Description Chester Knapp 2013-07-10 22:13:56 UTC
Created attachment 771875 [details]
abrt output (core dump)

Description of problem: rgmanager dumps core while starting up an HA MRG-M broker


Version-Release number of selected component (if applicable):
rgmanager-3.0.12.1-17.el6.x86_64

How reproducible:
Only once, so far


Steps to Reproduce:
1. Attempt to start MRG broker (e.g.  /usr/sbin/clusvcadm -e BR.0 -m hostname)
2.
3.

Actual results:
rgmanager crashes

Expected results:
rgmanager starts services normally

Additional info:
uname -a: 
Linux omhq1adf 2.6.32-220.7.1.el6.x86_64 #1 SMP Fri Feb 10 15:22:22 EST 2012 x86_64 x86_64 x86_64 GNU/Linux

Comment 2 Ryan McCabe 2013-07-12 19:50:31 UTC
Hopefully this is fixed by cluster.git commit 156a32063baa99fefdb445c68111b174dc06753e

Comment 3 Chester Knapp 2013-07-16 13:57:33 UTC
Created attachment 774266 [details]
abrt output

Comment 4 Chester Knapp 2013-07-16 13:58:52 UTC
Created attachment 774281 [details]
another abrt core dump

I've added two additional core dumps after seeing this behavior repeated. Consider upping the frequency of the defect.

Comment 5 Ryan McCabe 2013-07-16 15:21:20 UTC
Are you able to try a test package with a proposed fix?

Comment 6 Chester Knapp 2013-07-16 16:43:44 UTC
I'll contact the customer to determine if this is feasible. Although, I don't have a reliable reproducer either way. rgmanager has cored 5 times out of several hundred over the last week, so it is still intermittent at best.

Comment 7 Chester Knapp 2013-07-16 16:44:54 UTC
(In reply to Ryan McCabe from comment #5)
> Are you able to try a test package with a proposed fix?
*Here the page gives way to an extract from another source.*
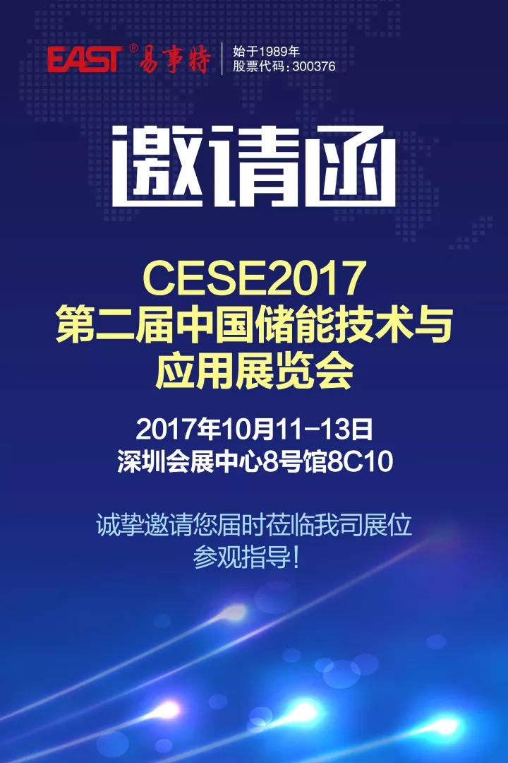CESE2017第二屆中國儲能技術與應用展覽會,精彩紛呈。易事特將為您呈現(xiàn)智能環(huán)保、高效可靠的儲能及智能微電網(wǎng)系統(tǒng)解決方案。誠摯邀請您撥冗蒞臨易事特展位交流洽談。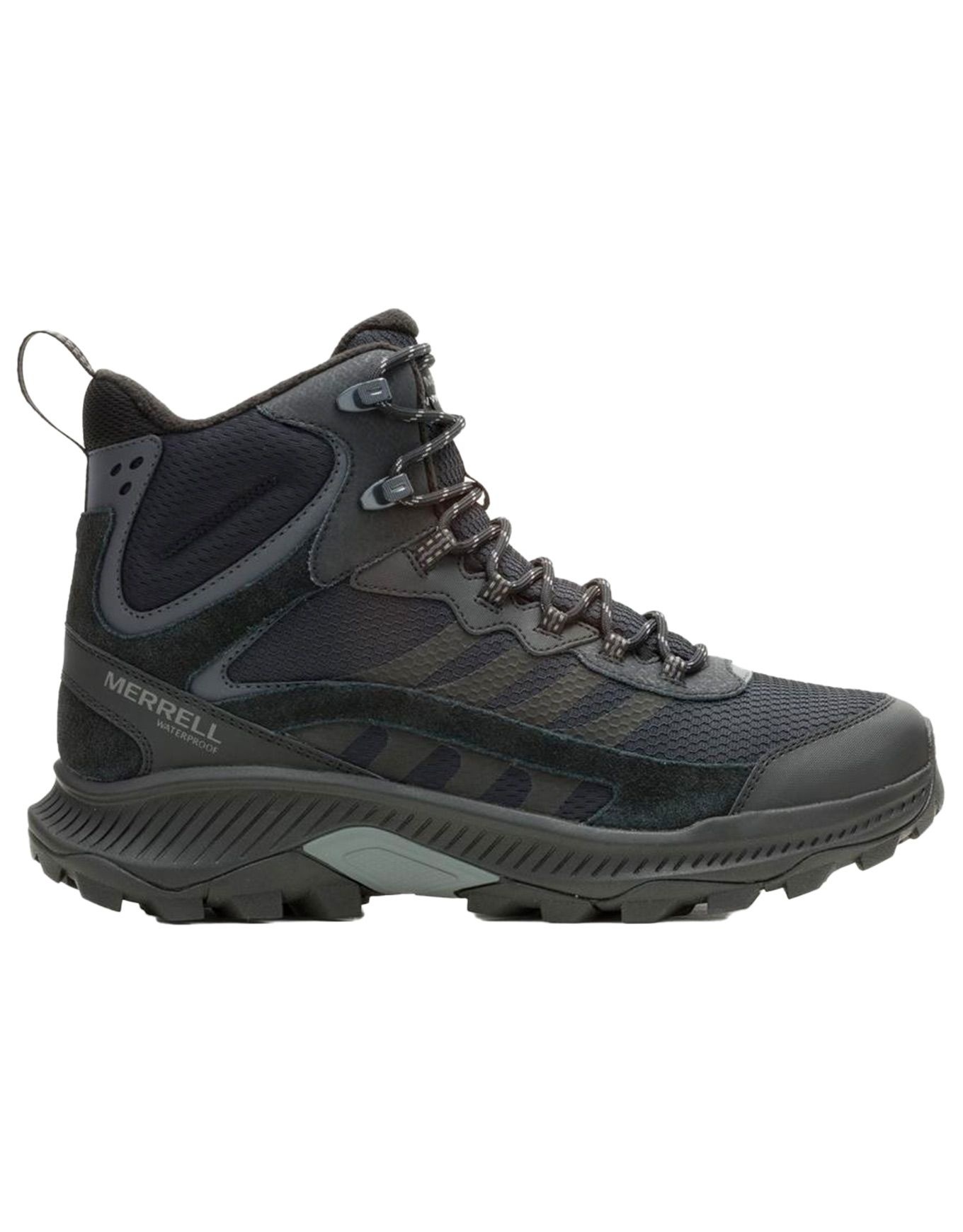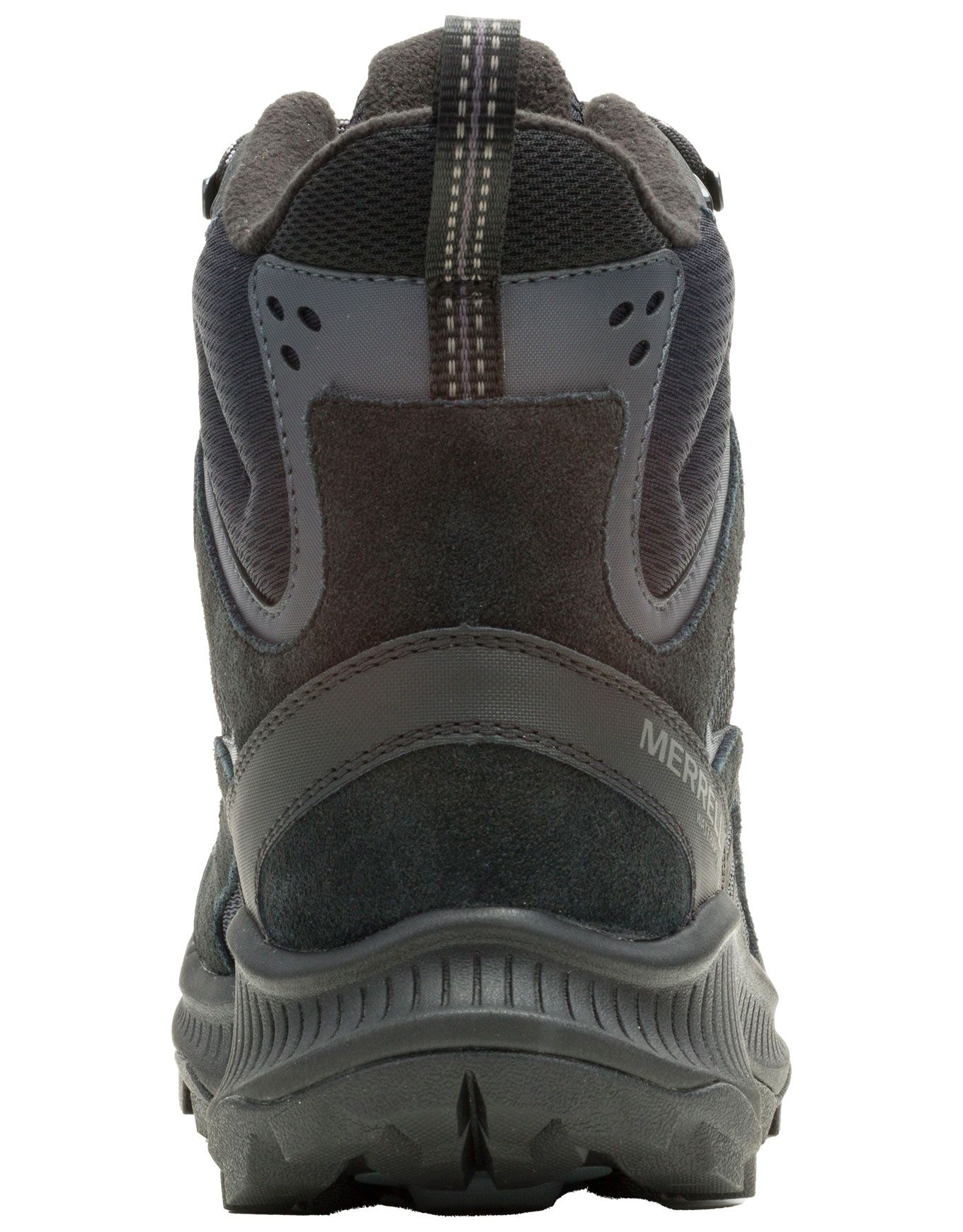 Chaussures de randonnée hivernale Merrell Speed Strike 2 Thermo Mid WP Black pour homme, membrane WP imper-respirante, isolation 200 g, col Mid stabilisant et semelle caoutchouc antidérapante.

Yes, the customer is agreeable. We'll try out the test package you provide.

Comment 8 Ryan McCabe 2013-07-17 15:22:34 UTC
(In reply to Chester Knapp from comment #7)
> (In reply to Ryan McCabe from comment #5)
> > Are you able to try a test package with a proposed fix?
> 
> Yes, the customer is agreeable. We'll try out the test package you provide.

You can grab the build from https://brewweb.devel.redhat.com/buildinfo?buildID=282334

Let me know how it goes.


Thanks for testing!

Comment 11 Chester Knapp 2013-08-27 15:15:16 UTC
Customer opted not to use the test package.

Comment 16 errata-xmlrpc 2013-11-21 10:56:10 UTC
Since the problem described in this bug report should be
resolved in a recent advisory, it has been closed with a
resolution of ERRATA.

For information on the advisory, and where to find the updated
files, follow the link below.

If the solution does not work for you, open a new bug report.

http://rhn.redhat.com/errata/RHBA-2013-1600.html